We presented photonics technology based on bulk-Si substrate for Si photonics applications including DRAM optical interface. Two different approaches, SPE and LEG, were addressed to implement the local-crystallized Si waveguide on bulk-Si substrate. Starting from the passive elements such as the waveguide and coupler, the progress on active devices including the modulator and photodetector was summarized. As the performance gap between the bulk-Si devices and the conventional SOI devices is gradually narrowing, the cost efficiency of the bulk-Si platform is becoming a larger advantage. The process of integration of PIC with EIC was demonstrated using a 65 nm DRAM periphery process on 300 mm wafers, which proved the possibility of being seamlessly integrated with various CMOS devices thanks to the homogeneous substrate. We used the bulk-Si photonic devices to show the feasibility of a high-speed multidrop interface, especially for CPU-DRAM interface. The MZI modulators and commercial APDs demonstrated four-drop operation at 10Gb/s, and the optical transceivers using a DRAM-compatible process were fabricated and measured for 2.4Gb/s serialized transmission. Finally, the transceiver chips were verified to work for a DDR3 DRAM interface at 1.6Gb/s under a 1∶4 multidrop configuration.

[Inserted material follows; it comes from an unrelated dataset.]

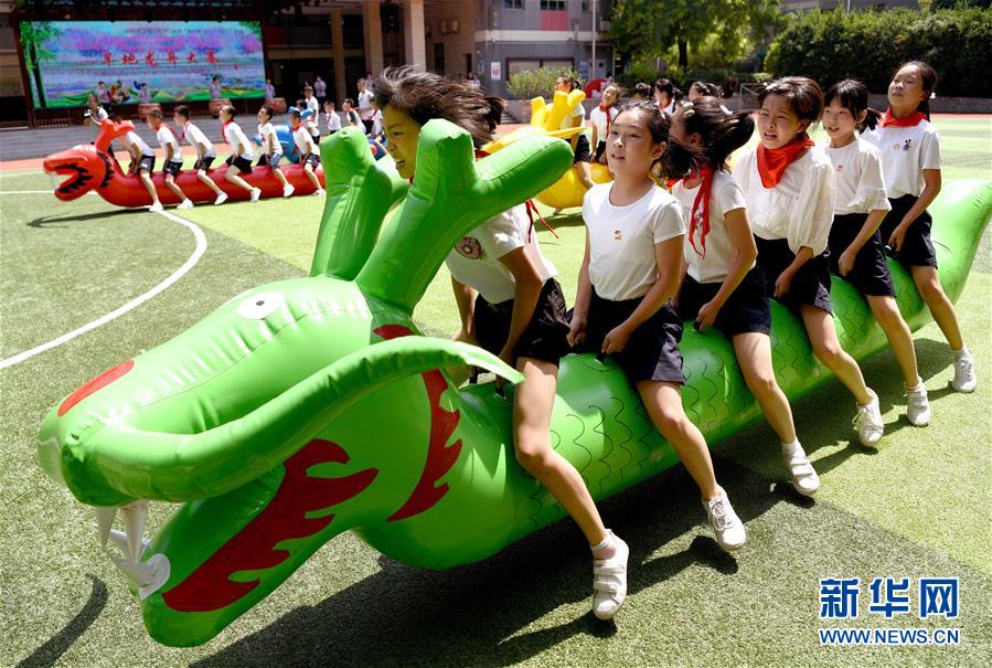 6月24日,西安市新城區(qū)后宰門小學(xué)的學(xué)生在進(jìn)行旱地龍舟比賽。端午節(jié)臨近,各地舉行包粽子、做香包、賽龍舟等豐富多彩的民俗文化活動(dòng),迎接傳統(tǒng)佳節(jié)的到來(lái)。新華社記者劉瀟攝

For a future research direction, we can consider the following three issues: first, in order to further reduce the optical link latency, supporting uncoded data is desired to remove the time for line coding such as 8b10b or 64b66b and to reduce the power consumption of transceivers that are always on. For this purpose, the photonic devices are expected to work over a broad frequency range for DC-coupled links. Second, we need to lower the loss of photonic devices to remove the optical amplifier in the link and, accordingly, reduce the latency and power consumption. Third, a cost-efficient way to align the fiber to the VGC should be devised, because otherwise expensive active alignment can delay the adoption of optical interconnects for the cost-sensitive memory interface application.